Album Reviews, Arts & Entertainment, Music

Solange’s ‘When I Get Home’ is an avant-garde celebration of black excellence

Three years after the striking A Seat at the Table (2016), Solange released her fourth album, When I Get Home, on March 1. Accompanied by a short eponymous film, the album is an homage to the artist’s Houston roots, her birthplace, and the city’s black pioneers.

A notable departure from her last studio album, When I Get Home offers a collection of brief, episodic thoughts, with 14 of the 19 tracks clocking in under three minutes, rather than the concentrated black power anthems of A Seat at the Table. Much like in her previous works, black solidarity is at the core of many of the album’s tracks, including “Almeda” and “My Skin My Logo.” The album is meditative, transitioning beautifully from song to song, with brief yet impactful interludes, including “Can I Hold the Mic” and “Nothing Without Intention.”

The album was released with a 33-minute short film featuring Solange and an all-black cast of performers, reimagining Houston through the artist’s eyes. Rather than reconstructing the Houston of the past, the film envisions the city’s future, depicting cowboys and futuristic technology in Solange’s imagined home with an Afrofuturist aesthetic. The film’s choreography is elegant but impassioned. Solange challenges herself by producing more experimental work and in the process challenges her audience: The video’s avant-garde sensibilities might render it bewildering and difficult for some viewers, but the dazzling aesthetics qualify it as a masterpiece.

When I Get Home transports the listener—and viewer—to Solange’s childhood and home, a visceral, culturally-rich, site-specific experience.
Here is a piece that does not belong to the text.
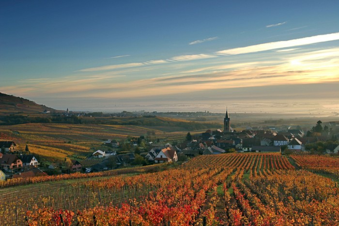 阿爾薩斯地區(qū)的葡萄種植區(qū)靜靜地散布在阿爾薩斯平原的高處,遠離毗鄰三國的經(jīng)濟大區(qū)的喧囂,時間仿佛都在這里停下了腳步。大大小小的葡萄田環(huán)繞著大片簇擁著尖頂?shù)慕烫枚ā⒂兄t色屋頂?shù)男〈迩f。木頭房子和在每一家窗口上盛開的紅色天竺葵和玫瑰將這般平靜的田園景色裝點得好像明信片一樣。紅酒加盟人士認為,整齊有序的葡萄園折射出阿爾薩斯人的嚴謹,而隨處可見的美食餐廳和典型的當?shù)匦【起^"winstubs"則是不折不扣的法國風情。歷史沉淀而成的這種雙重性正是阿爾薩斯地區(qū)引人入勝之處。享受生活、熱情好客和釀出最好的美酒就是他們的處世哲學。著名的"紅酒之路"從北到南貫穿著整片葡萄種植區(qū),成為當?shù)芈糜螛I(yè)的熱點。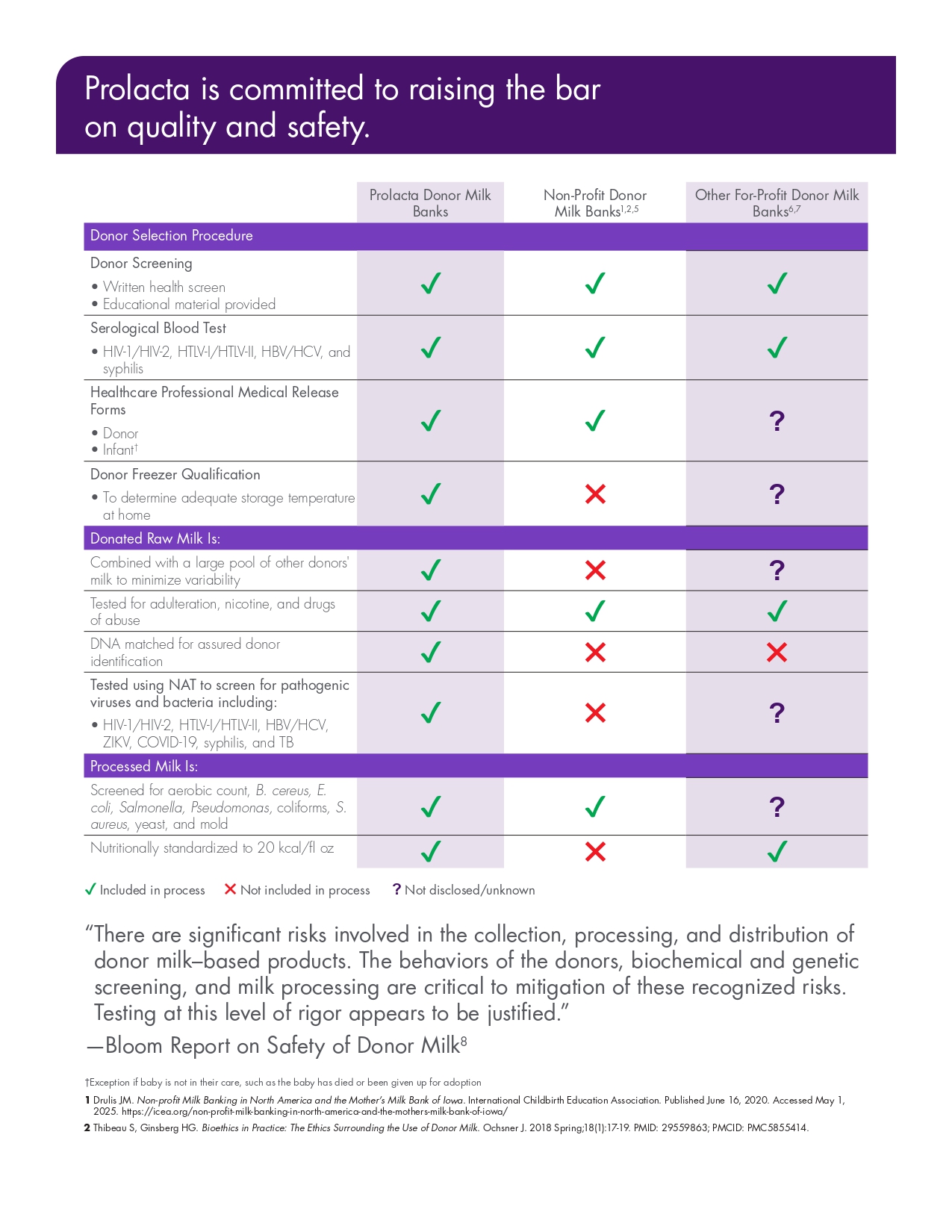 Every milk donation is DNA-matched to the donor and tested for pathogens and drugs of abuse. Final product is pasteurized and tested again for safety and quality.

Solange names some of her tracks after Houston streets and references the city in many of the album’s songs, adding to the complex layers of the album and accompanying video. Through experimental Rhythm & Blues, Solange reclaims and creates space for black artistry and experiences. The album and short film are equally eccentric and avant-garde, paving the way for a completely new genre of art and music.

The album represents the beginning of a new chapter for Solange. The artist’s last two albums, according to her, have one significant difference: “With ‘A Seat at the Table,’ I had so much to say,” Solange said in an interview with The New York Times about one of the collection’s tracks. “And with this album, I have so much to feel.”